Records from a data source
■ ■ ■ ■ ■ ■ ■

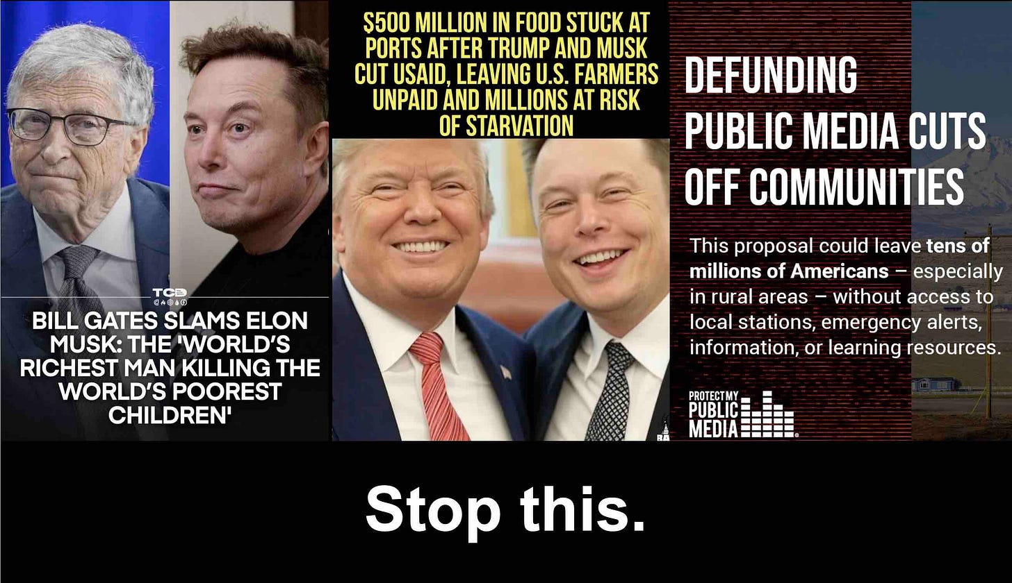 - Minimal script: I’m calling from [zip code]. [Call all their offices to get a live staff member. If voicemail, leave street address). I am calling to demand that [Rep. ___] oppose Trump’s rescissions bill gutting foreign aid, NPR, and PBS.
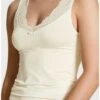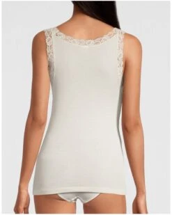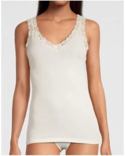Un dĂ©bardeur laine & soie fabriquĂ© en Italie au dĂ©colletĂ© ornĂ© d’une dĂ©licate dentelle Leavers pour un confort optimal et une esthĂ©tique raffinĂ©e.
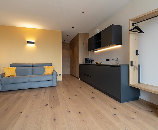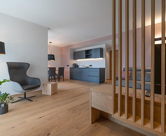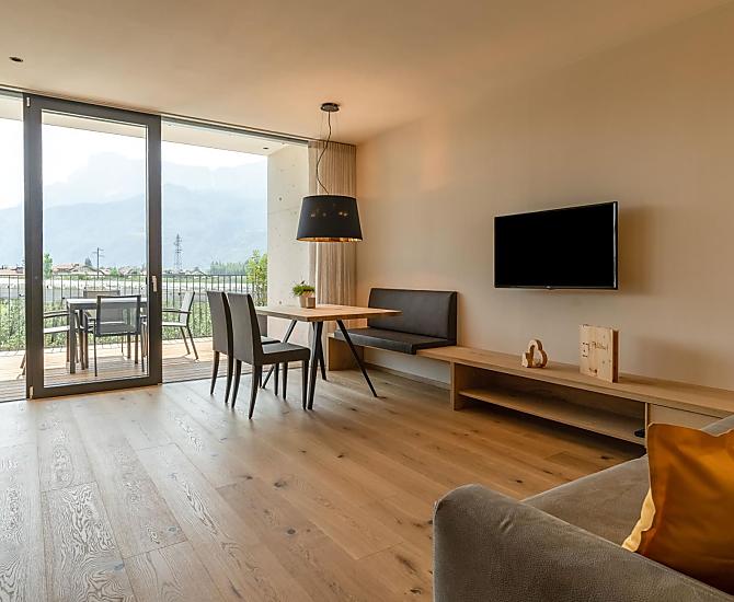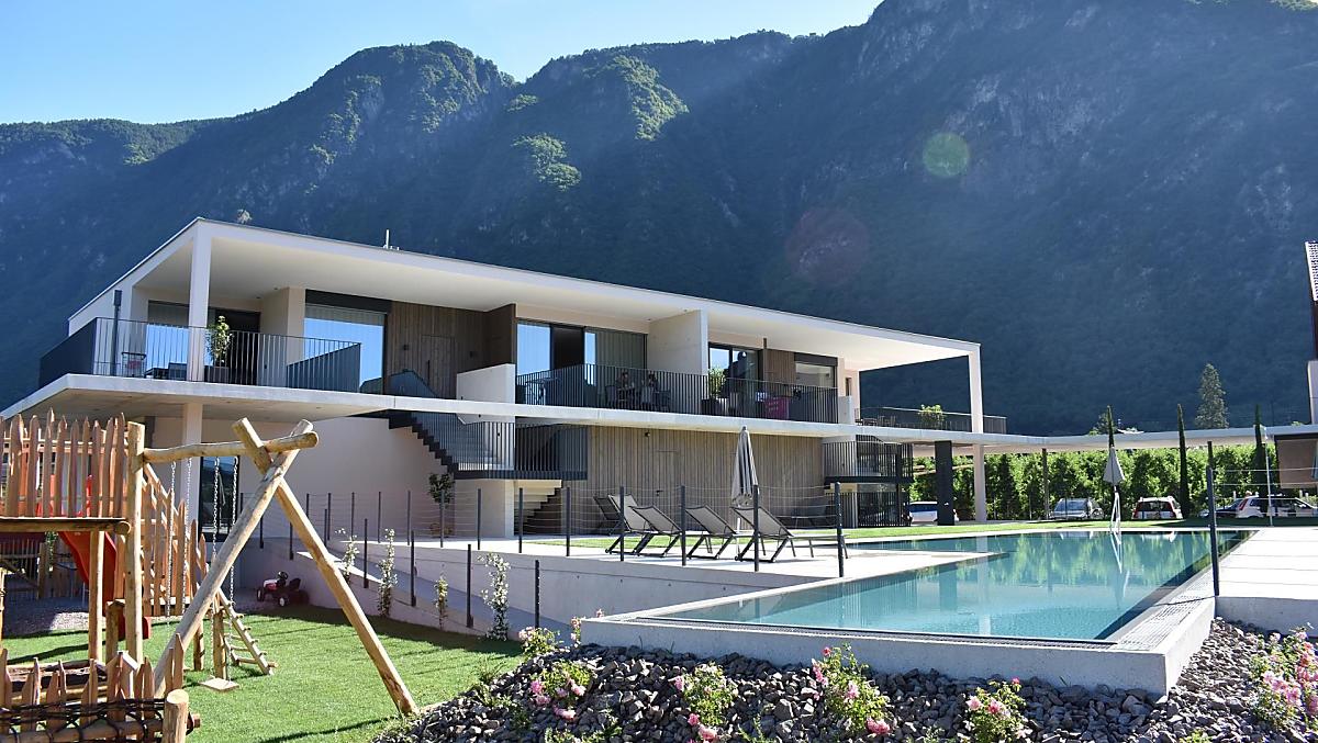 - Zapraszamy na wakacje do naszego nowo wybudowanego gospodarstwa zajmujacego sie uprawa owoców w spokojnej, ale centralnej lokalizacji. Nowoczesna architektura i stylowe wyposazenie oparte sa na prostych liniach oraz naturalnych materialach i kolorach. Panoramiczne okna jasnych i klimatyzowanych apartamentów oferuja przepiekny widok na doline Etschtal i okoliczne góry. Zrelaksuj sie na prywatnym, przestronnym tarasie lub w duzym ogrodzie. Zanurz sie w 20-metrowym basenie ze slona woda i ciesz sie wieloma korzysciami dla rowerzystów. Nasz naturalny plac zabaw to idealne miejsce dla rodzin, ale równiez baza dla aktywnosci sportowych, kulturalnych i rozrywkowych. Jestesmy Christian i Gaby i prowadzimy nasza farme jablek razem z córkami Anna i Evi oraz mama Hilde, dbajac o dobre samopoczucie gosci.
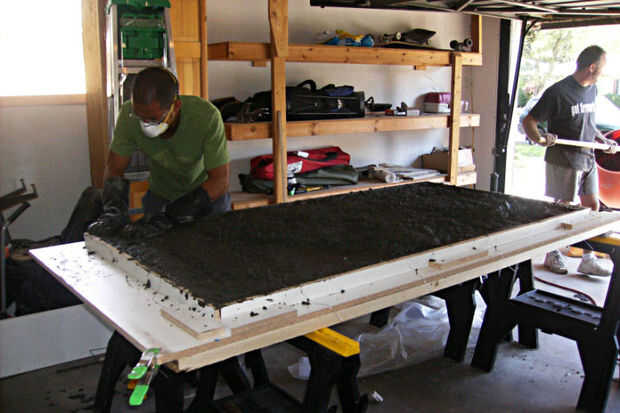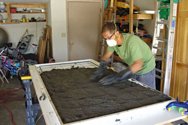 Usted definitivamente quiere al menos dos personas al verter. Uno trabaja con el mezclador y palas el concreto en el formulario mientras que la otra (s) usan las manos para empujar en su lugar. Asegúrese de que usted no empuje demasiado fuerte sobre la rejilla de soporte. Que quieres sacar de debajo para asegurarse de que es compatible el remesh.
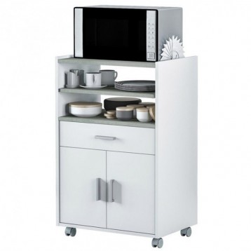 Atención personalizadaMuebles de cocina en color blanco y gris efecto cemento, dos colores que facilitan un ambiente moderno y de estilo industrial. Muebles auxiliares estupendos para completar la cocina o algún espacio auxiliar que tengas en tu hogar. Desde luego con este conjunto de mobiliario, la funcionalidad está asegurada. Si escoges este conjunto de muebles para tu cocina, tendrás espacio para despensa, poner el microondas y la cafetera, desayunar...Pero también comer y cenar, porque la mesa es desplegable. Aprovecha al máximo el espacio y úsala cuando te haga falta. Mobiliario de fabricación nacional, acabado en melamina de alta calidad. En este pack se incluye: mesa, buffe con ruedas, armario suspendido (para colgar en la pared), armario bajo y armario alto. ¡Increíble!
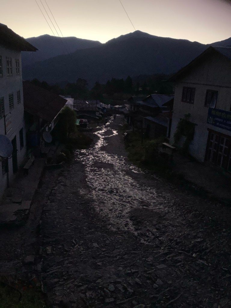 As we ate dinner we could see, in the darkness, dozens of people walking down towards the village with their head torches shining. As they arrived they were turned away. I was sorry for them, but an elderly group of Americans from Wisconsin, who had been very depressed outside the tea house when we arrived, were allowed to sleep in a group on the floor of the tea house restaurant. At least they had shelter. It’s harsh up here.
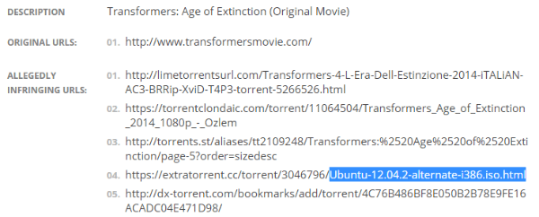 Вообще не редкость, когда раздачи чего-нить эдакого маскируют под что-то безобидное. Наверняка, сперва реально была раздача трансфермеров, маскирующаяся под убунту, на каком-нить анонимном трекере с реальной аннотацией в другом месте. А у правообладателя шерудит скрипт, который сперва нашёл реальную аннотацию, по ней раздачу, а потом автоматика же попросила гугол забанить все похожие раздачи.
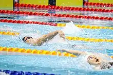 Filipino swimmer Chloe Isleta (left) competes in the women's 200m backstroke
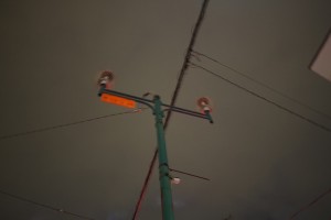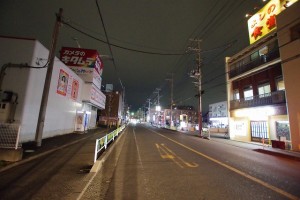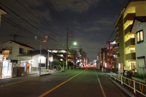 写真では明るく写っていますが、道路の両側にある街路灯が消えているため、普段より暗い道になっております。
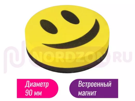 Заказать звонокСтиратель магнитный для магнитно-маркерной доски, круглый, диаметр 90 мм, "Смайлик" "BR-76943"

■ ■ ■ ■ ■ ■ ■

→ Task details
With pictures excluded, reproduce exactly the lines above from the one containing "Вообще не редкость, когда" down to the one containing "写真では明るく写っていますが", those two included.

→ Exercise solution
 Вообще не редкость, когда раздачи чего-нить эдакого маскируют под что-то безобидное. Наверняка, сперва реально была раздача трансфермеров, маскирующаяся под убунту, на каком-нить анонимном трекере с реальной аннотацией в другом месте. А у правообладателя шерудит скрипт, который сперва нашёл реальную аннотацию, по ней раздачу, а потом автоматика же попросила гугол забанить все похожие раздачи.
 Filipino swimmer Chloe Isleta (left) competes in the women's 200m backstroke
 写真では明るく写っていますが、道路の両側にある街路灯が消えているため、普段より暗い道になっております。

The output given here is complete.